Search code examples
javasolrlucenesolrjinformation-retrieval

What's the difference: ConcurrentUpdateSolrServer vs HttpSolrServer vs CommonsHttpSolrServer?


What are the differences between the following implementations of SolrServer:

  1. ConcurrentUpdateSolrServer
  2. HttpSolrServer
  3. CommonsHttpSolrServer (Note: Is this now deprecated?)

As mentioned in the documentation:

It is only recommended to use ConcurrentUpdateSolrServer with /update requests.

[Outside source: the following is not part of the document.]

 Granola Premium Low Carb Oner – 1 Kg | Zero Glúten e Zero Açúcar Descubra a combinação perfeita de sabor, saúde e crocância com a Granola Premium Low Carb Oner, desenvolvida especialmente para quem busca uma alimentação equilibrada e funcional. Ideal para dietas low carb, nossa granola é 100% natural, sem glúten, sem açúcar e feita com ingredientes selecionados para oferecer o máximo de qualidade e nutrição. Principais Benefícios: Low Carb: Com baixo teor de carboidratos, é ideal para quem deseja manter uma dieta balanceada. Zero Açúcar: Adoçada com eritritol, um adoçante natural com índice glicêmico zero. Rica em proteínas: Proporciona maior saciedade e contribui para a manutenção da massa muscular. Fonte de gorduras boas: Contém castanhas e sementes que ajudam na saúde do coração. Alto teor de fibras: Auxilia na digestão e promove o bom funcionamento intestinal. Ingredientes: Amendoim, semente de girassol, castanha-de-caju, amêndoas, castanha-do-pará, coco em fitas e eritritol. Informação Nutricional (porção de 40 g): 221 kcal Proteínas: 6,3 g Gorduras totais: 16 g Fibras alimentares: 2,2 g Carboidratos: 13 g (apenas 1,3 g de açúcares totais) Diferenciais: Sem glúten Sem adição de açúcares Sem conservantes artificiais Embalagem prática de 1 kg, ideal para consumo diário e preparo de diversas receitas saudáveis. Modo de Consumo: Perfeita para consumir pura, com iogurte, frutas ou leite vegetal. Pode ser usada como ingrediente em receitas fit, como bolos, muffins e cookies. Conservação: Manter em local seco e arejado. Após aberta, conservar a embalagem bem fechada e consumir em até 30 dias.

The class HttpSolrServer is better suited for the query interface.

The documentation for ConcurrentUpdateSolrServer suggests using it for updates and HttpSolrServer for queries. Why is this?

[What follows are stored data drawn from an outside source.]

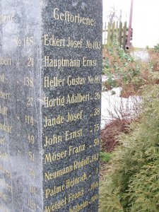 Hauptmann Ernst Karl: *22.3.1888 Reichen, č. p. 138, okr. Tetschen (Rychnov, okr. Děčín), do rodiny vrchního učitele Karla Kaspera Hauptmanna a Johanny Mathildy, roz. Palme. Svobodný, stavební technik. Zugsf., EisenbahnR. +7.4.1918 Altstadt, č. p. 78 (Staré Město, část Děčína), tbc. Převezen a zde 9.4.1918 pohřben. Místo i s kostelem 1975 zplanýrováno.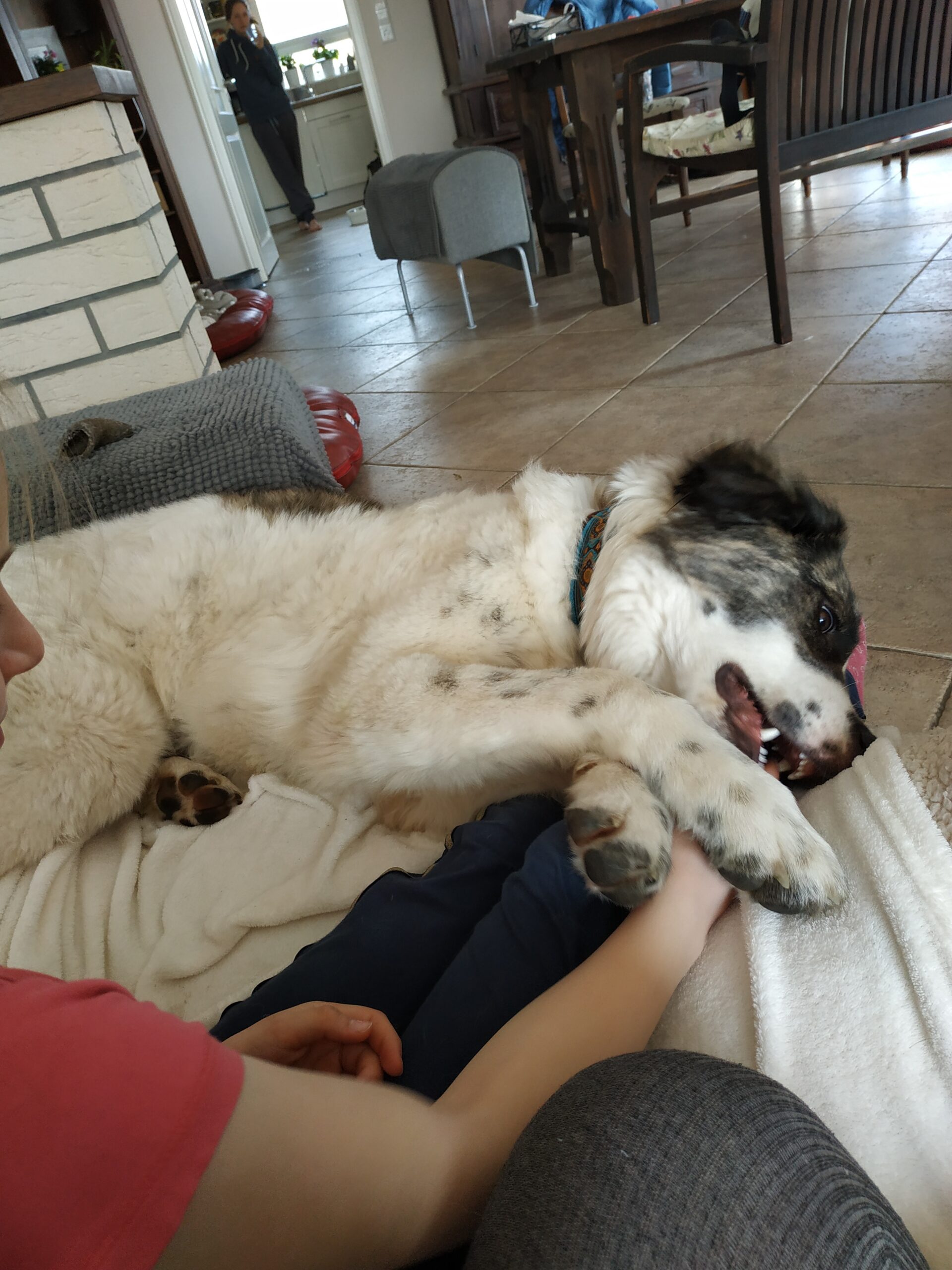 * Herdenschutz (Mix) * entwickelt Schutztrieb * von vertrauten Menschen gerne überall anfassbar * zutraulich, schmusig, freudig , verspielt, gelehrig, aufmerksam* katzenverträglich * hundeverträglich * stubenrein * Langschläfer * fährt problemlos und gerne im Auto mit * kann angemessene Zeit alleine bleiben * gerne als Zweithund, kommt aber auch gut alleine klar.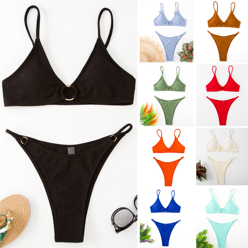 2024 재고 아마존 유럽과 미국의 대외 무역 새로운 뜨거운 섹시한 여성의 단색 분할 비키니 비키니스토어 가기

At the moment I am using HttpSolrServer for everything, will using ConcurrentUpdateSolrServer for updates result in significant performance improvements?


Solution

  • We are currently in 2017, and Solr community renamed SolrServer into SolrClient and currently we have 4 implementations:

    1. CloudSolrClient
    2. ConcurrentUpdateSolrClient
    3. HttpSolrClient
    4. LBHttpSolrClient

    Documentation suggests to use ConcurrentUpdateSolrClient, because it buffers all update requests into final BlockingQueue<Update> queue;, so operation time on updates will be less than using HttpSolrClient, which behaves like this - as soon as it gets update request it immediately fires it. Of course, we are trusting the documentation, but it will be so easy to get this answer, that's why I did some perf testing.

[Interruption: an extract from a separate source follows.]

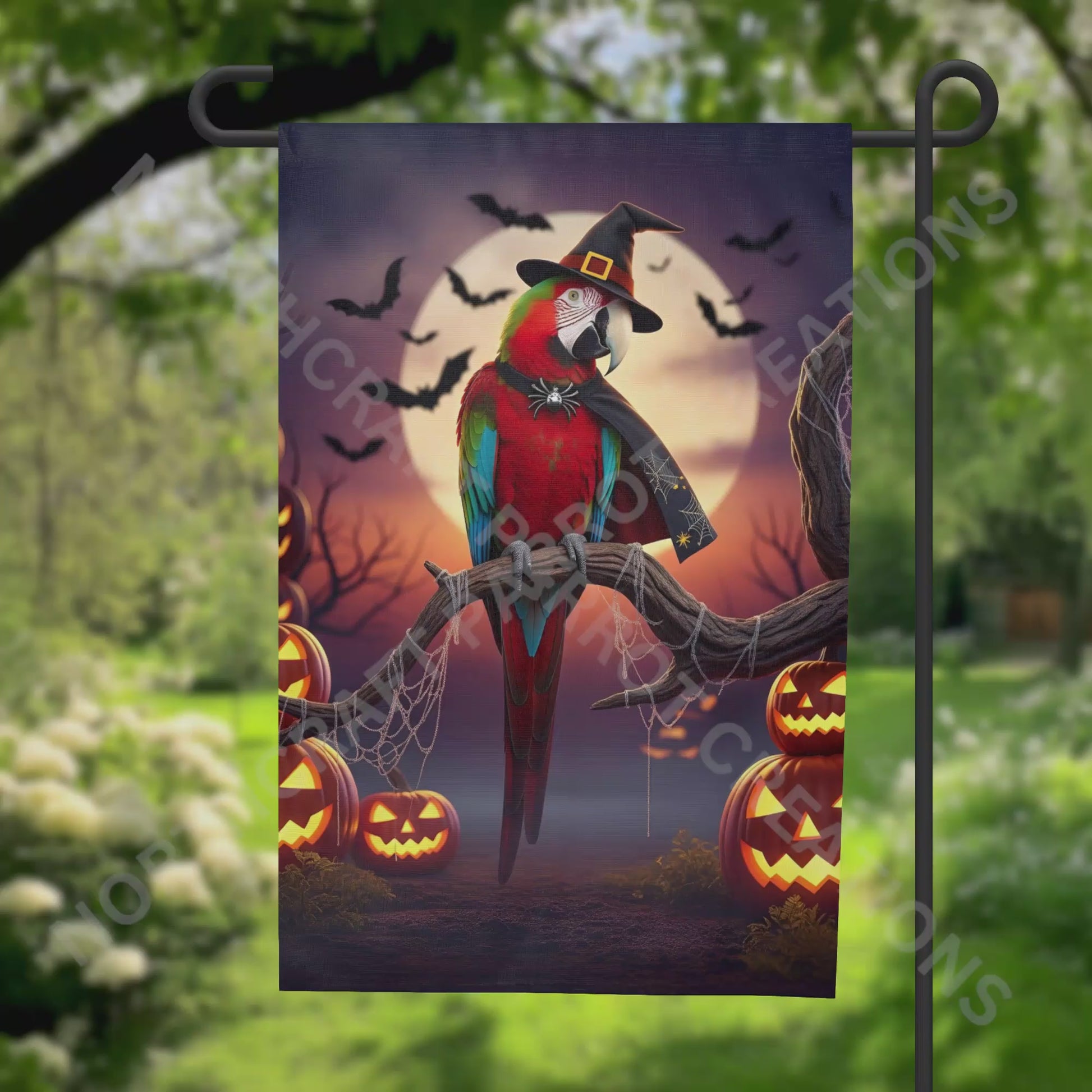 Celebrate Halloween with a unique touch of nature through this Green-Winged Macaw Garden Flag. Featuring a vibrant macaw perched on a branch against a glowing full moon, this flag adds a striking and festive accent to your outdoor décor. Crafted to withstand the elements, it brings color and character to your garden while embracing the spooky spirit of the season. Make your yard stand out with this captivating blend of wildlife and Halloween charm.

    However, first I will describe the different operations of the clients. If you're using add operation of the SolrClient, there is no difference if you gonna create HttpSolrClient or ConcurrentUpdateSolrClient, cause both methods will do the same. ConcurrentUpdateSolrClient only shines if you're explicitily doing UpdateRequest

    Test results for indexing wikipedia titles (code): My machine is: Intel i5-4670S 3.1 Ghz 16 Gb RAM

    ConcurrentUpdateSolrClient (5 threads, 1000 queue size) - 200 seconds    
    ConcurrentUpdateSolrClient (5 threads, 10000 queue size) - 150 seconds    
    ConcurrentUpdateSolrClient (10 threads, 1000 queue size) - 100 seconds    
    ConcurrentUpdateSolrClient (10 threads, 10000 queue size) - 30 seconds    
    HttpSolrClient (no bulk) - 7000 seconds    
    HttpSolrClient (bulk 1000 docs) - 150 seconds    
    HttpSolrClient (bulk 10000 docs) - 80 seconds
    

    Summary:

    1. If you're using clients in similar fashion, e.g: client.add(doc); than, ConcurrentUpdateSolrClient performing at least 10-20 times faster, because of the usage of ThreadPool and Queue (aka Bulk operation)

    2. If you're using HttpSolrClient, you still could mimic this behaviour, by manually creating several clients, running additional threads and using some intermediate storage, like List. It will improve the performance for sure, but requires additional code.

    3. Numbers most likely have very little sense, but I hope it gives some raw comparison.